### Problem to work on
Your response should contain only the lines running from the top of the data below through the line with "Elegant green gemstone", both included. Pictures must be omitted.

(Collected data entries)

******************************

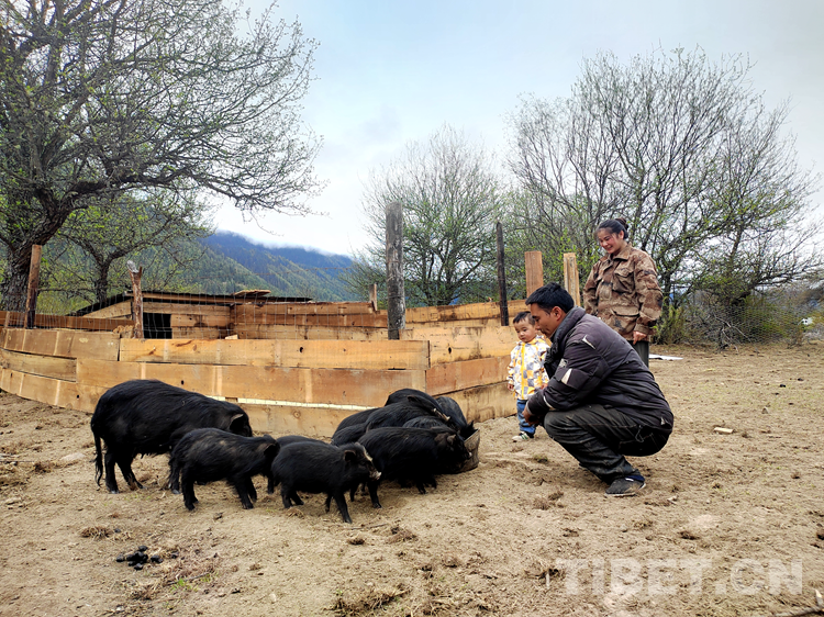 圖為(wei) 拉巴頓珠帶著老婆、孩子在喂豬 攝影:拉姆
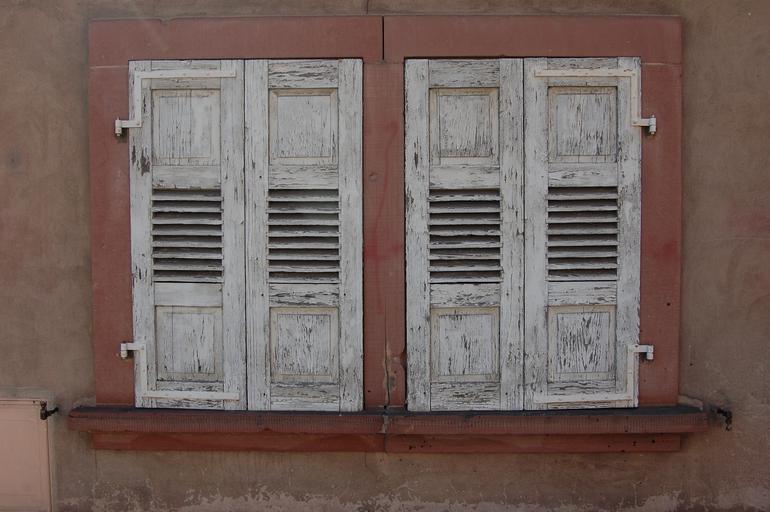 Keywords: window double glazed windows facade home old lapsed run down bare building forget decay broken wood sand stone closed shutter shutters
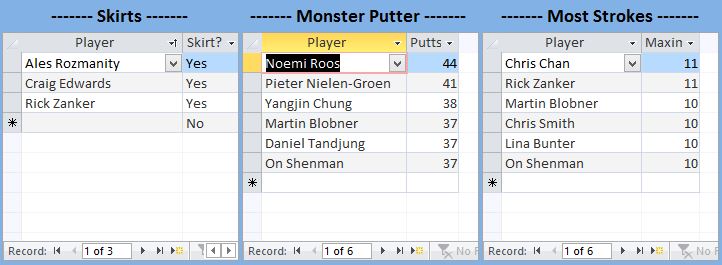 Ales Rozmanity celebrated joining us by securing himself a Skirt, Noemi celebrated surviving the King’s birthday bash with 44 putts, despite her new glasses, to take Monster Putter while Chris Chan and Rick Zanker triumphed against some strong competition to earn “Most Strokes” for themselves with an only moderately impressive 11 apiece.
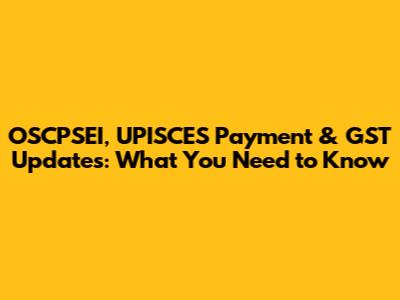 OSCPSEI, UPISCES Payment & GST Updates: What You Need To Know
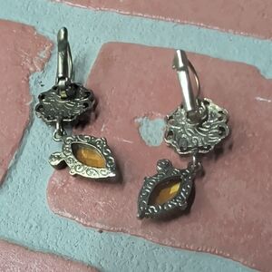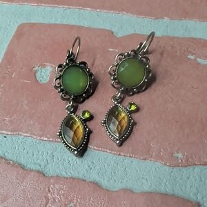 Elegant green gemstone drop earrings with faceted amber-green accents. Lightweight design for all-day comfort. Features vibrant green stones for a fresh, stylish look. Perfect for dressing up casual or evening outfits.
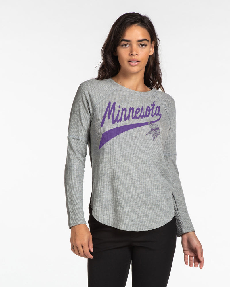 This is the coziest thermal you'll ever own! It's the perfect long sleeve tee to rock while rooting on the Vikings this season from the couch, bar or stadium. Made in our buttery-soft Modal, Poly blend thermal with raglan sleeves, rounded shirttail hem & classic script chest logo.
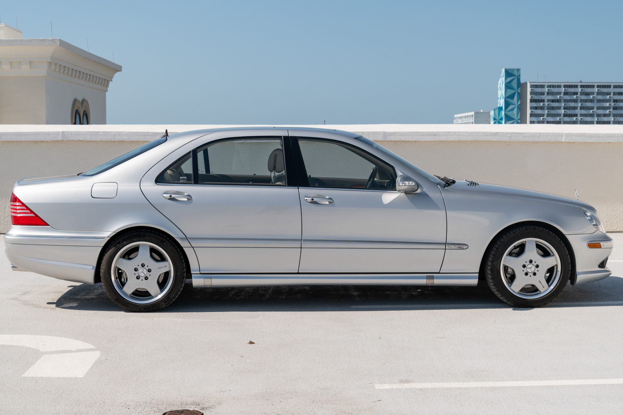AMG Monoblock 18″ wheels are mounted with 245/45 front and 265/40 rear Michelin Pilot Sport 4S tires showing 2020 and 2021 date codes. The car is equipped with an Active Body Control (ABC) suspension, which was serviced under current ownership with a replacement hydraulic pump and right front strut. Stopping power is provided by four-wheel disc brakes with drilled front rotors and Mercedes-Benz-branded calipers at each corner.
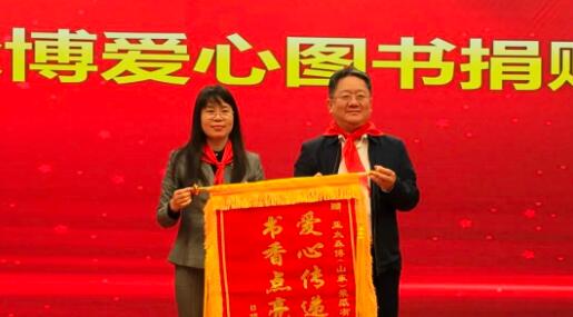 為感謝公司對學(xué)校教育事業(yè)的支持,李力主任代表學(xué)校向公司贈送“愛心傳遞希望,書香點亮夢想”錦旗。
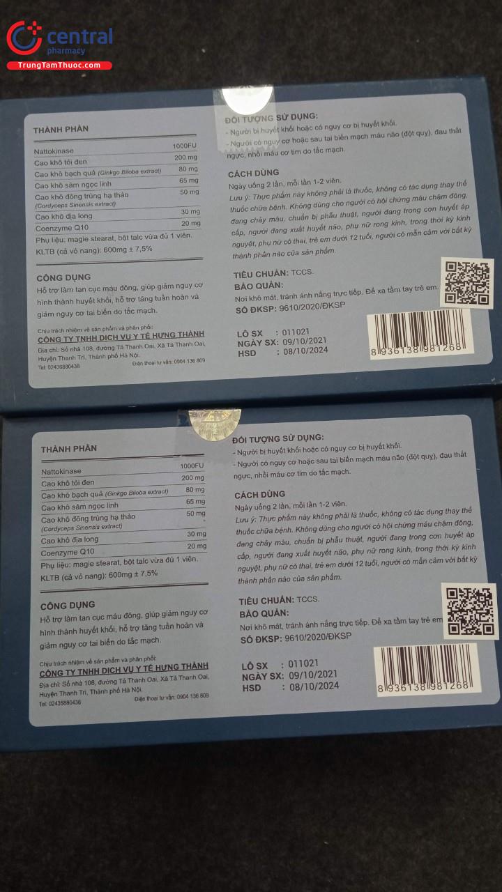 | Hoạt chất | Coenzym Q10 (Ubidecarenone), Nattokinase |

******************************

### Exercise answer
 圖為(wei) 拉巴頓珠帶著老婆、孩子在喂豬 攝影:拉姆
 Keywords: window double glazed windows facade home old lapsed run down bare building forget decay broken wood sand stone closed shutter shutters
 Ales Rozmanity celebrated joining us by securing himself a Skirt, Noemi celebrated surviving the King’s birthday bash with 44 putts, despite her new glasses, to take Monster Putter while Chris Chan and Rick Zanker triumphed against some strong competition to earn “Most Strokes” for themselves with an only moderately impressive 11 apiece.
 OSCPSEI, UPISCES Payment & GST Updates: What You Need To Know
 Elegant green gemstone drop earrings with faceted amber-green accents. Lightweight design for all-day comfort. Features vibrant green stones for a fresh, stylish look. Perfect for dressing up casual or evening outfits.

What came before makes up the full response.